# Location lists?



## ricasso (Feb 27, 2013)

While perusing the various forums Ive noticed a trend towards listing various locations visited along with a persons signature.

I was just wondering why? what was wrong with the old method checking out a persons profile to see their visits?

Also ive noticed that on a few occasions people feel the need to list their Photographic equipment in the same manner, why? I cant help thinking its to show how much dosh they've got or how "full on" they are..

Sorry, Im not having a moan, Im just curious why, thats all


----------



## krela (Feb 27, 2013)

I think you answered your own question.


----------



## shatners (Feb 27, 2013)

Dunno about the locations listing, is a bit odd and I would guess once you have a fair few visits under your belt your signatures going to end up being half a page long  I don't really get listing kit in a signature either but I did put a list on my homepage as I sometimes get asked what I use and posting a little link is preferable to typing it out every time. I'm always quite curious what other people use too, especially the guys who use older film cameras.

I'm a member of a few sites that have 'Max 50 character' sigs as when someone replies to a thread five or six times seeing the same half a page of signature over and over again knackers the thread up but I cant really say its something I have noticed on here.


----------



## ricasso (Feb 27, 2013)

krela said:


> I think you answered your own question.



Yep, I think you could be right..


----------



## Mars Lander (Feb 27, 2013)

you usually see the kit signatures on computer forums and full on photographers sites, as for the locations in the sig, i have noticed this slowly starting to happen too ,its not something I would do my self tho, I think as long as no one is actually profaning anyone and it dosen' interupt the coding of the forum then its up to the individual , afterall this is a pretty friendly and accomodating forum as long as the subject matter and context are within splore worthy limits of course.

Looking at profiles wont reveal someones true list of interesting places either , in my case i have taken part in joint reports and not posted them first inline and dont report everywhere we go for one reason or another, but my flickr is pretty accurate


----------



## Happyshopper (Feb 27, 2013)

When I first started I had a list of locations visited as links to the trip reports, I guess it was a way to show off that _I'm not a noob, honest guv', check out all this elite erbex I've done and ting_. 

It doesn't really matter unless it's size 36, bold, pink, and ideally flashing.


The camera stuff is so you don't have to answer the _"OMG amazeballs what pro camera are you using?
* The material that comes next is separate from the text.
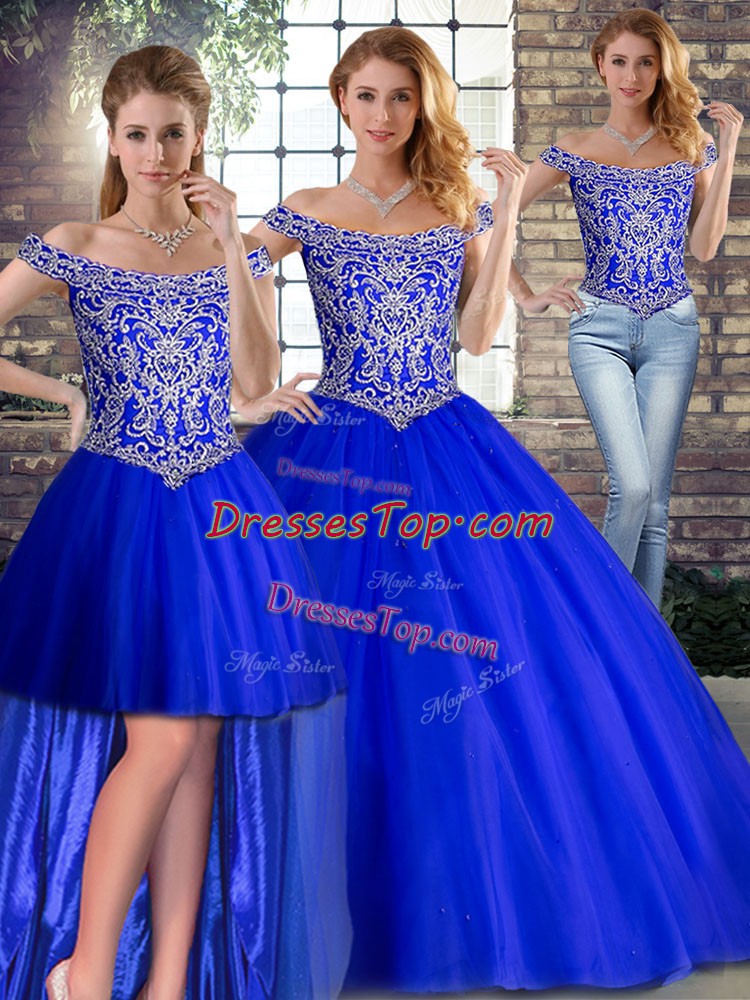 Best Selling Royal Blue Off The Shoulder Lace Up Beading Ball Gown Prom Dress Brush Train Sleeveless

Mine's only a Canon so I can't take good photos like you."_ questions on every other report you put up.

Again, not exactly impacting on your fragile emotional state


----------



## jordimussol (Feb 27, 2013)

I don't think listing your locations/visits is such a great idea, but when it comes to listing your materials it can be of use because then people can/will ask you for advice on a particular camera body, lens, or other equipment. 
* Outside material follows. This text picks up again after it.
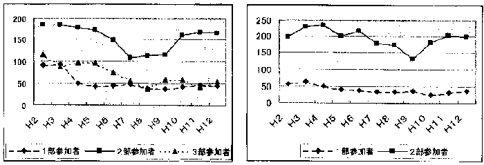 | 1.はじめに 近年、少子化・子供たちのクラブ活動離れ・競技者の低年齢化・専門化・高度化等々の理由により各競技の部員数が急激に減少しています。体操競技においてもその傾向は顕著であり、平成2年から平成10年の9年間に全国の部員数がほぼ半減しており、体操部が廃部となった学校も多数あるようです。 その原因となるものは冒頭に述べた理由以外にも、中学・高等学校の教員の高年齢化、転勤による体操経験を有する指導者の不在や施設・用具の問題、(近年特に器具の規格変更が多いが学校予算では対応できない)、体操競技特有の事故等危険性の問題などいろいろ考えられます。大阪府においても部員数の減少傾向は止められない状態にありますが、今日まで高体連体操部に携わってこられた諸先輩方が、競技会の運営面において様々な工夫をすることにより、出来るだけたくさんの高校生が安全に体操競技に親しみ、楽しめるように努力されてこられました。今年のインターハイでは男子が団体優勝・女子が準優勝と素晴らしい成績をあげました。 大阪においてはこのようにトップ選手も活躍していますが、反対に高校から体操を始めた選手も数多くがんばっています。ここで、大阪高体連体操部の今日までの取り組みが他の府県体操部や他の種目にとって参考になればと思い発表させて頂きます。 2.大阪高体連の取り組み (1)2部規定の導入 1973年(昭和48年)以前は、すべて全国高体連規定を採用し、上位8校(女子は6校)・個人15位までを1部、それ以下の学校を2部校とし、1部には近畿・全国大会予選の出場資格を与えていました。1974年(昭和49年)体操競技の技術の進歩により全国高体連規定が年々高度な技を要求されるようになり、高等学校から体操を始める殆どの者にとっては非常に危険で難しくなってきました。そこで全国高体連規定から、難度の高い技や危険性の高い技を除き基本技を中心とした2部規定(大阪高体連規定)を作成しました。1部規定(全国高体連規定)と2部規定は学校及び個人が任意で選択することが出来る。ただし、近畿・全国大会予選は1部規定を採用する。その結果、選手たちは自分の能力に応じた大会を選択することにより、無理なく安全に競技に参加できるようになり、高校から体操競技を始めた者にとっても勝負のおもしろさが味わえるようになり、指導者も安心で尚かつ、目標を持たせられるようになった。 (2)オープン競技の導入 1982年(昭和57年)男子にオープン競技として、マット(パランスー倒立前転一前転とび)と跳馬(横向き120cm‐マットをかける・前転とび)だけの競技を取り入れた。参加者は各校無制限で1種目での参加も可とした。服装は短パン・Tシャツでも可とし学校体育の服装も可とした。これは、体操を始めた1年生から試合経験をさせよう、また体育の授業で少しマットや跳び箱の得意な生徒を体操競技に参加させようということが目的であった。 (3)3部規定の導入 1989年(平成元年)オープン競技を発展させた形で2部規定より更に簡単な3部規定を作り3部の試合を行うようになった。男子は、床・鞍馬・跳馬・鉄棒の4種目で、個人各校6名以内で個人総合と種目別を競う。1種目での参加も可とし服装もオーブン競技と同様にした。これは、オープン競技からより体操競技に近づけることをねらいとした。なお吊り輪・平行棒に関しては、器具のない学校もあり(鞍馬・跳馬は跳び箱で代用する事が出来る)、専門の指導者の不在や、生徒にとっても困難であると判断し3部規定より除いた。当時生徒増により、新設高校が数多く設立されたが、設備・器具の完備されていない学校や、専門の指導者のいない学校が多くあったが、この規定を導入することで競技に参加しやすくなった。その結果体操人口は大幅に増加した。 1992年以降は1校1種目4名以内に制限するほどとなった。 女子においても男子と同様な考えから同年3部規定を作成し、1校1チーム4名以内で団体・個人総合・種目別を競うようにしたが、男子ほど効果が無く2部規定で出来ない技を抜くことで十分参加できることや、2部の参加者が多いこともあり1992年に廃止した。 (4)オールラウンド制の廃止とユニフォームの規制緩和 1995年(平成7年)より2部大会においてオールラウンド制を廃止した。1校4人出場−ベスト3での団体戦に対し、1種目4人まで選手を各種目によって変えても構わないことにした。つまり、極端な場合は最大限男子4人×6種目=24人、女子は4人×4種目=16人が出場できるようにした。あわせて多数の選手が出場するにあたりユニフォームの統一が困難となったので規制も緩和しチーム内で不統一であっても可とした。このことにより多くの選手が出場できるようになった。また選手にとっては苦手な種目に出場しなくても良くなった。3年間の経過より、活性化が図られると判断して平成10年より全大会において2部の試合でオールラウンド制を廃止した。次のグラフは、大阪高体連・春季大会参加者数の推移である。年々参

In the advanced side of things there's always the war between Canon and Nikon, but I'm an Olympus guy (for a few reasons I could explain). But yes... listing even your filters and spare batteries is a bit OTT. Camera body and a few good lenses is good enough for me.


----------



## krela (Feb 27, 2013)

If peoples sigs get crazy long then it'll be time to do something about it. I don't care about much other than that though personally.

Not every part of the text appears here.